1/11/16

Dan Fox celebrates the art in artifice, the let’s pretend in pretentiousness, arriving at an eloquent, important understanding of how culture has always provided an escape from the dreariness of routine work and productive life


Dan Fox, Pretentiousness: Why it Matters, Fitzcarraldo Editions, 2016.


What is pretentiousness? Why do we despise it? And more controversially: why is it vital to a thriving culture? In this brilliant, passionate essay, Dan Fox argues that it has always been an essential mechanism of the arts, from the most wildly successful pop music and fashion through to the most recondite avenues of literature and the visual arts. Pretentiousness: Why it Matters unpacks the uses and abuses of the term, tracing its connections to theatre, politics and class. From method acting to vogueing balls in Harlem, from Brian Eno to normcore, Fox draws on a wide range of references in advocating critical imagination and open-mindedness over knee-jerk accusations of elitism or simple fear of the new and the different. Drawing on his own experiences growing up and working at the more radical edges of the arts, this book is a timely defence of pretentiousness as a necessity for innovation and diversity in our culture.

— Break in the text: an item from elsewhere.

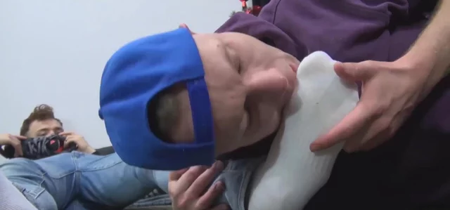 Short-haired twink gets his feet licked and cock sucked prior to getting his tight poop gap rammed while squeezed against the wall.

'Dan Fox makes a very good case for a re-evaluation of the word "pretentious". The desire to be more than we are shouldn't be belittled. Meticulously researched, persuasively argued – where would we be as a culture if no-one was prepared to risk coming across as pretentious? Absolument nowhere, darling – that's where.'— Jarvis Cocker


Pretentiousness: Why It Matters is more than a smartly counterintuitive encomium: it’s a lucid and impassioned defence of thinking, creating and, ultimately, living in a world increasingly dominated by the massed forces of social and intellectual conservatism. I totally loved the book.’— Tom McCarthy


‘Dan Fox’s book celebrates the art in artifice, the let’s pretend in pretentiousness, arriving at an eloquent, important understanding of how culture has always provided an escape from the dreariness of routine work and productive life. Exhaustively researched and passionately written, recognizing those who audaciously “pretend” to beauty beyond their present means, Pretentiousness is a deeply optimistic and affirming book.'— Chris Kraus


‘In tackling so directly a term – “pretentiousness” – that has been thrown around too lightly for too long, Dan Fox has opened a fascinating, illuminating and barely glimpsed before perspective onto both culture and criticism. With clarity and persuasive argument he proves from an etymological basis that pretentiousness can be both good and bad – necessary even to cultural and artistic good health. This insightful book should be read like a contemporary reprise of an eighteenth-century essay on critical manners, for it shares with such texts the winning combination of wit, good sense and intellectual rigour.’— Michael Bracewell


‘Epoch-making, epic, historic, unforgettable, triumphant, age-old, inevitable, inexorable, and veritable. Pretentiousness will never look the same.’— Elif Batuman




Dan Fox is a writer, musician, and co-editor of frieze magazine, Europe’s foremost magazine of art and culture. He is based in New York.